## How to complete this task
Could you print the stretch of lines below from the one with "감기로 낮아진 면역력을" through the one with "数据显示,2023年公司加权", exactly as they stand and without any pictures?
[Source material]
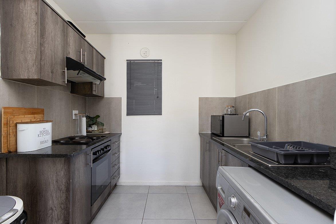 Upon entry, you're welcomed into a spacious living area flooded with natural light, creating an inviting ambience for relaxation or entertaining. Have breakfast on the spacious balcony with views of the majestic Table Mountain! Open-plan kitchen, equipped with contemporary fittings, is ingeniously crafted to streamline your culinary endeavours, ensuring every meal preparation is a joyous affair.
[/Source material]
[Source material]
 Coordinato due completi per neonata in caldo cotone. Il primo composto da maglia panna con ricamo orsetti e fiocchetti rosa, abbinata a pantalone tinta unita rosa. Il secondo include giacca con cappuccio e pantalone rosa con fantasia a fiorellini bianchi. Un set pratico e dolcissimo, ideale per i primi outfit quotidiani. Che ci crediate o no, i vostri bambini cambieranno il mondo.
[/Source material]
[Source material]
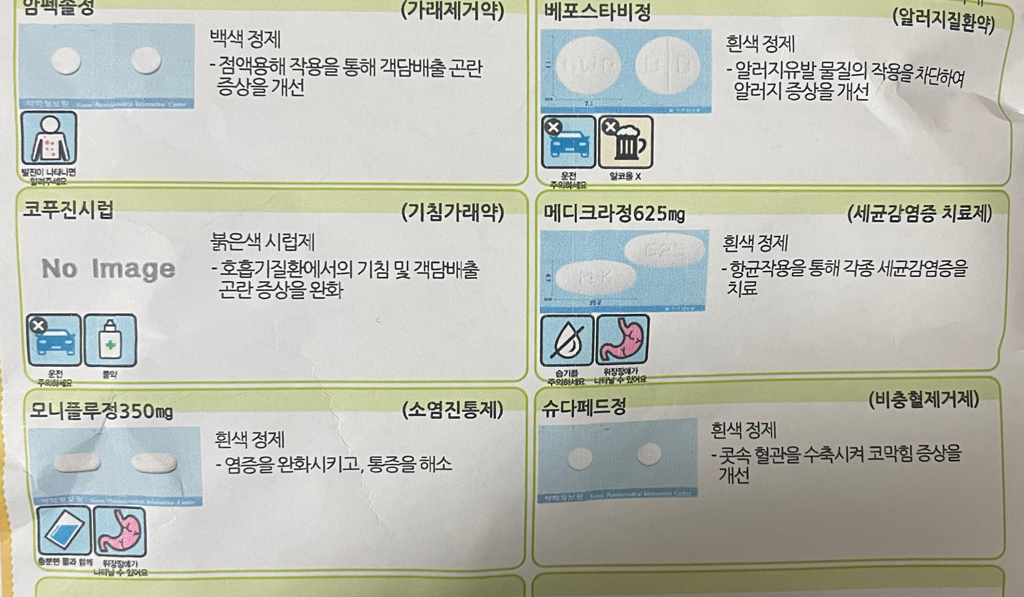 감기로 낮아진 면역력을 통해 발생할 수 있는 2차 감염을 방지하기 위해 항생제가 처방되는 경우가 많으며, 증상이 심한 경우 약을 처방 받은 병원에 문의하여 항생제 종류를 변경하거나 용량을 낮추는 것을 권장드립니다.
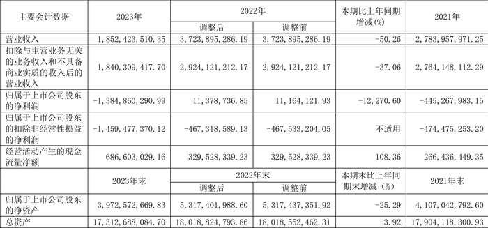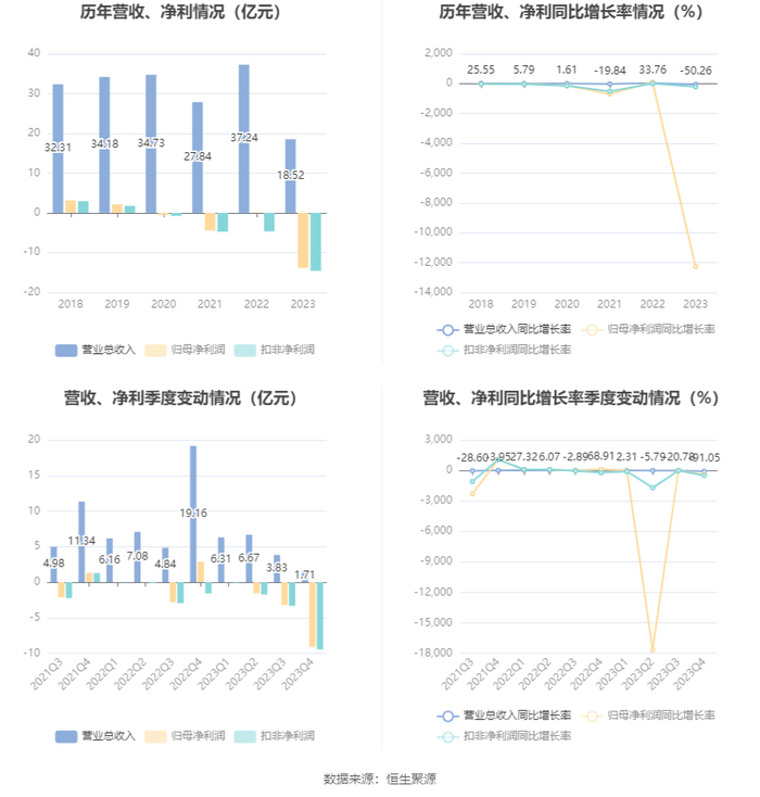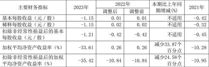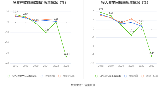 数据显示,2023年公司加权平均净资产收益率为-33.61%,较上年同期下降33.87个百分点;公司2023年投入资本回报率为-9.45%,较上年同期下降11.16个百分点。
[/Source material]
## Output for this task
 감기로 낮아진 면역력을 통해 발생할 수 있는 2차 감염을 방지하기 위해 항생제가 처방되는 경우가 많으며, 증상이 심한 경우 약을 처방 받은 병원에 문의하여 항생제 종류를 변경하거나 용량을 낮추는 것을 권장드립니다.
 数据显示,2023年公司加权平均净资产收益率为-33.61%,较上年同期下降33.87个百分点;公司2023年投入资本回报率为-9.45%,较上年同期下降11.16个百分点。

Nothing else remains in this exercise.